After finding "ARL Indiana Section" in a line below, print that line and the rest of the lines exactly, leaving out all pictures.
== Extracted entries
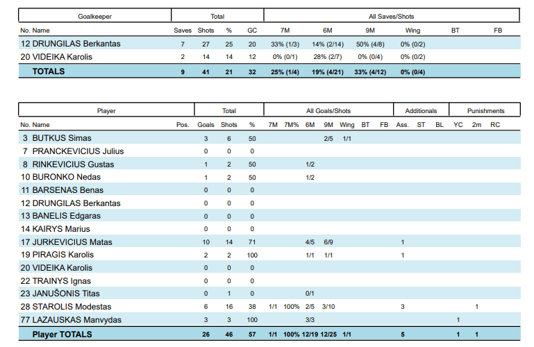 Kauno komandoje rezultatyviausiai žaidė 10 įvarčių įmetęs Matas Jurevičius.
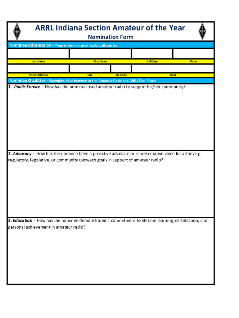 ARL Indiana Section Amateur of the Renomination FormNominee Information Type in form or print legibly all entries Last Backstreet AddressFirst NameCityCall WinZip CodePhoneEmailNominee Qualities Examples
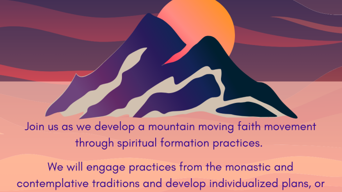 Join us as we develop a mountain moving faith movement through spiritual formation practices. This event meets bi weekly on the 2nd & 4th Mondays of the month at 7:00 pm...
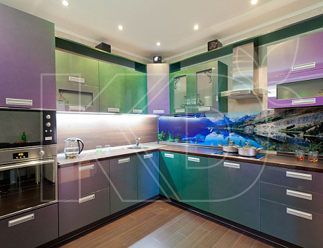Компания «Кухонный двор» предлагает гарнитуры разных расцветок и форм. Здесь вы сможете приобрести зелено-голубую
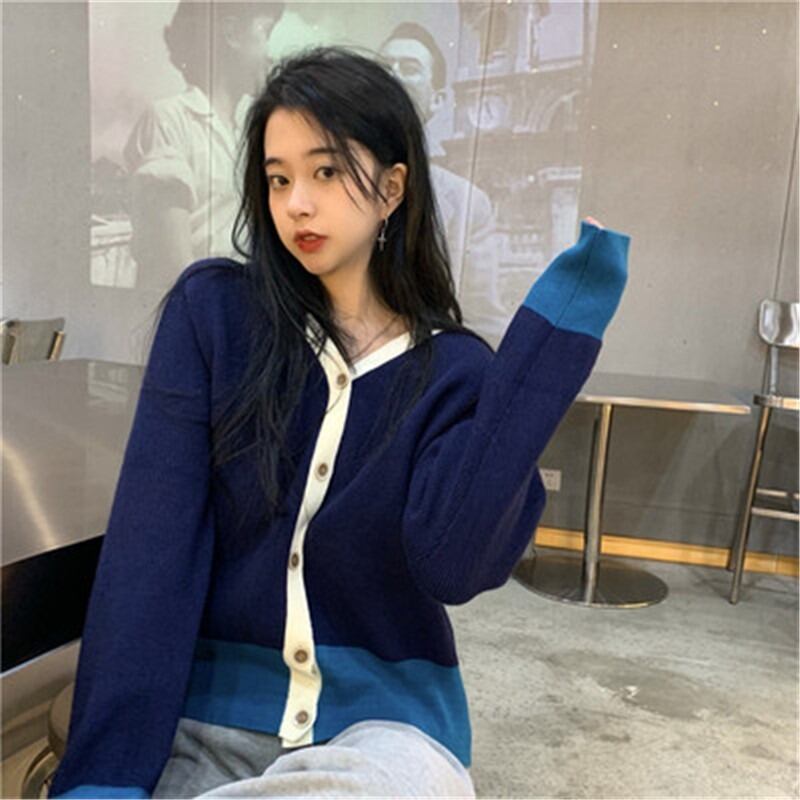 スプリングオータムスタイル薄手Vネックニットカーディガンジャケット レディースカジュアルセーター ロング 春物 秋物 萌量不足98182549669
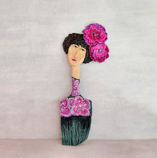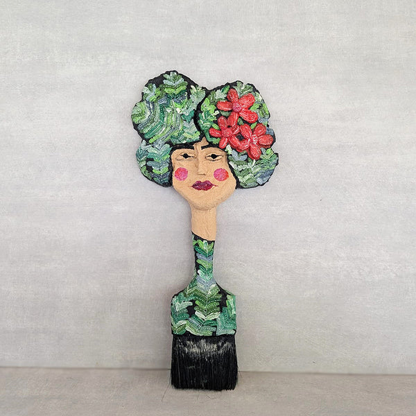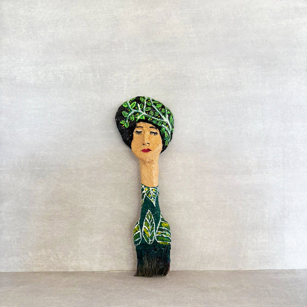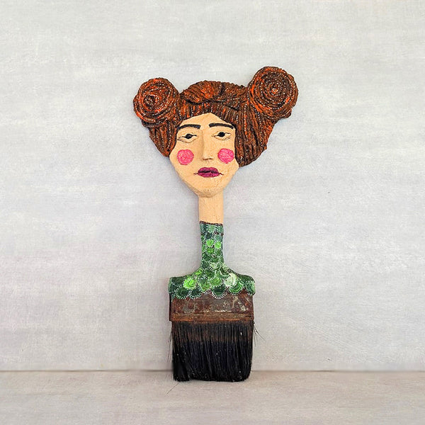דיוקן נשי מעיסת נייר על מברשת צבע ישנה
====
Answer space:
 ARL Indiana Section Amateur of the Renomination FormNominee Information Type in form or print legibly all entries Last Backstreet AddressFirst NameCityCall WinZip CodePhoneEmailNominee Qualities Examples
 Join us as we develop a mountain moving faith movement through spiritual formation practices. This event meets bi weekly on the 2nd & 4th Mondays of the month at 7:00 pm...
Компания «Кухонный двор» предлагает гарнитуры разных расцветок и форм. Здесь вы сможете приобрести зелено-голубую
 スプリングオータムスタイル薄手Vネックニットカーディガンジャケット レディースカジュアルセーター ロング 春物 秋物 萌量不足98182549669
דיוקן נשי מעיסת נייר על מברשת צבע ישנה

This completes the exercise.